Sean Mallon, Senior Curator Pacific Cultures, spoke to us first, with Small Things Matter: Experiments in co-collecting sharing examples of how the Pacific cultures team have been exploring new ways to engage Pacific communities to co-curate collections that better represent themselves for future generations of New Zealanders.
Sean explained how a shell picked up on a beach in Tokelau, and a drum made from a recycled British Paints can, activate the relationship between stakeholder communities and the museum who accepts them into their collection, and how this moves the collection beyond traditional ideals of what was acquired in the past, such as spears and masks, to represent Pacific communities. The shell and drum, like other examples Sean shared from workshops with various indigenous groups, illustrate how seemingly mundane, or valueless objects evolve from being simply an artifact to items of Mana Taonga. The shell story showed us how small things can contain big meaning once their stories are attached – not acquired as another natural history specimen, but to share a story of a man’s connection with his personal history.
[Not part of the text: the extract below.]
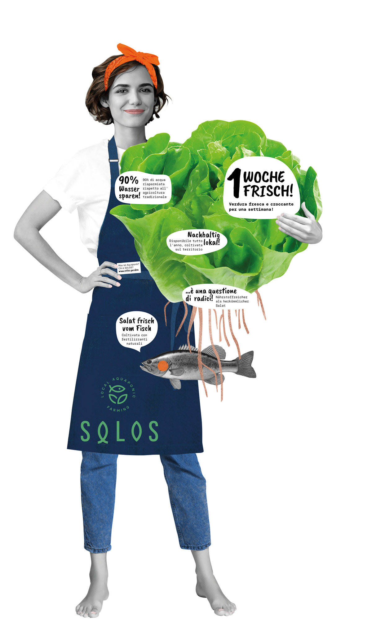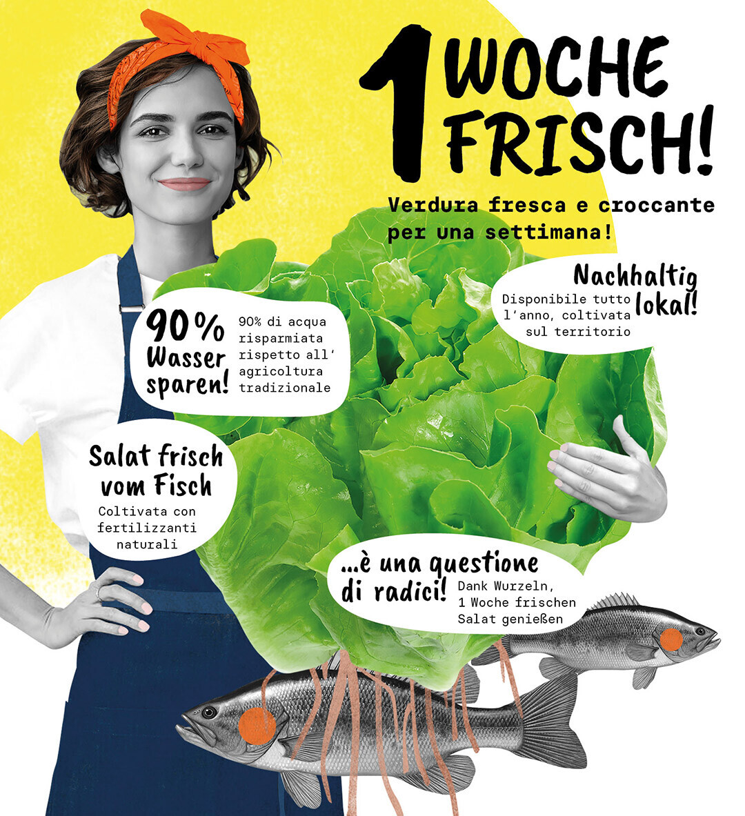 Ein junges Startup aus Tramin möchte seine Vision einer nachhaltigen Kreislaufwirtschaft kommunizieren. Die Herausforderung: ein Markenauftritt, der Salat und Fisch als Hauptprodukte sichtbar macht, gleichzeitig urban-modern wirkt, aber auch Bodenständigkeit und lokale Verbundenheit transportiert.

The value isn’t aesthetic but lies instead in the relationships which grow from the desire of Pacific community members to work in collaboration with curators to ensure that collections will reflect what is of importance to them.
Claire Regnault, Senior Curator New Zealand Culture and History, followed with He Makana Aloha: co-collecting memory, legacy and indigenous identity through the iconic aloha shirt .
Her fascinating, colourful slides shared the result of how, in October 2017, Claire, Sonya Withers (Te Papa’s first Tautai Contemporary Pacific Arts Trust intern) and Native Hawaiian writer/artist/curator/scholar Noelle Kahanu together amassed 80+ aloha shirts for Te Papa to fill an identified collection gap. They have added contemporary, deeply local and representative shirts which range from vintage, tourist offerings whose designs include the annexation of Hawaii c 1960, through intensely toned florals not native to the country, to shirts from the ‘70s and ‘80s cultural Renaissance with reclamation of symbolic iconography. They raise questions of identity, commodification and branding. While the ‘tourist’ shirt can still be purchased, local designers like Sig Zane print sought-after small runs utilising patterns which hold personal stories and memories. ‘Fashion’ has become an accessible way of preserving and sharing an understanding of themselves and their identity. There’s an intention behind this to accomplish something for the wearer, presenting native Hawaii with their own culture.
Both Sean and Claire referred to Mana Taonga. This is defined by Te Papa as ‘a recognition of the power of taonga’ (any cultural items of significance or value) to communicate deep truths about our people, the role of communities in enhancing the care and understanding of collections and taonga, and the principle that guides our direction and approach to access and research’. A quote from the talk stated that ‘history does not just belong to the historians, or to curators’; Sean and Claire gave us a good understanding of how curators who are willing to decentralise their own role can enhance the collections of institutions by empowering and centering the communities involved.